» Assignment: A verbatim copy is needed of the lines below from the one containing "Далее перед вами" up to and including the one containing "31、(8分)下图为抗利尿激", excluding pictures.

» Entries supplied:
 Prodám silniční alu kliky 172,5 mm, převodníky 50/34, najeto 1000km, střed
==
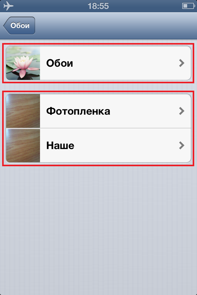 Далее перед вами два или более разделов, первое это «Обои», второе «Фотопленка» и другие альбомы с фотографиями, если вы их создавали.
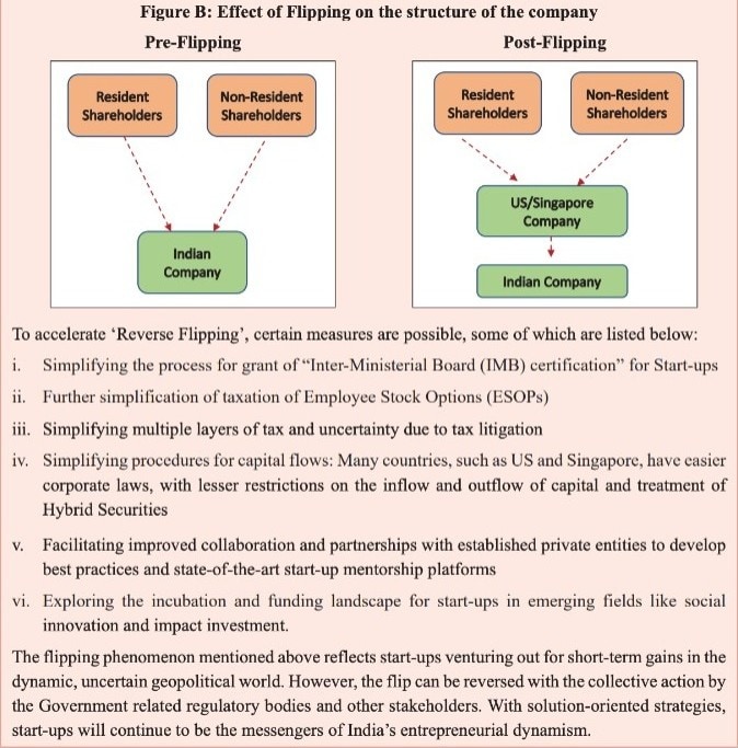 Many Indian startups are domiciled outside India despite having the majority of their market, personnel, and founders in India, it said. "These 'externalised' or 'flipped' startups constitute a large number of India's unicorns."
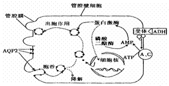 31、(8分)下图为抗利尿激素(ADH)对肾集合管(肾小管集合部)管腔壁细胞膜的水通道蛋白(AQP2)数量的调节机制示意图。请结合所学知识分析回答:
--
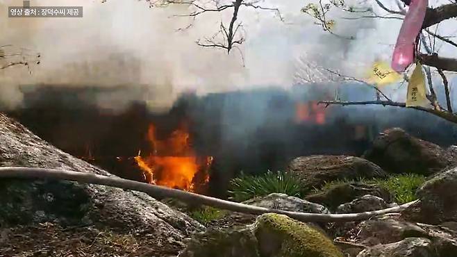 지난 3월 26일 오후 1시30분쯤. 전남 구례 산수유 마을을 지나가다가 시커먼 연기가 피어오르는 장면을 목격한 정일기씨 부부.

» Your response:
 Далее перед вами два или более разделов, первое это «Обои», второе «Фотопленка» и другие альбомы с фотографиями, если вы их создавали.
 Many Indian startups are domiciled outside India despite having the majority of their market, personnel, and founders in India, it said. "These 'externalised' or 'flipped' startups constitute a large number of India's unicorns."
 31、(8分)下图为抗利尿激素(ADH)对肾集合管(肾小管集合部)管腔壁细胞膜的水通道蛋白(AQP2)数量的调节机制示意图。请结合所学知识分析回答:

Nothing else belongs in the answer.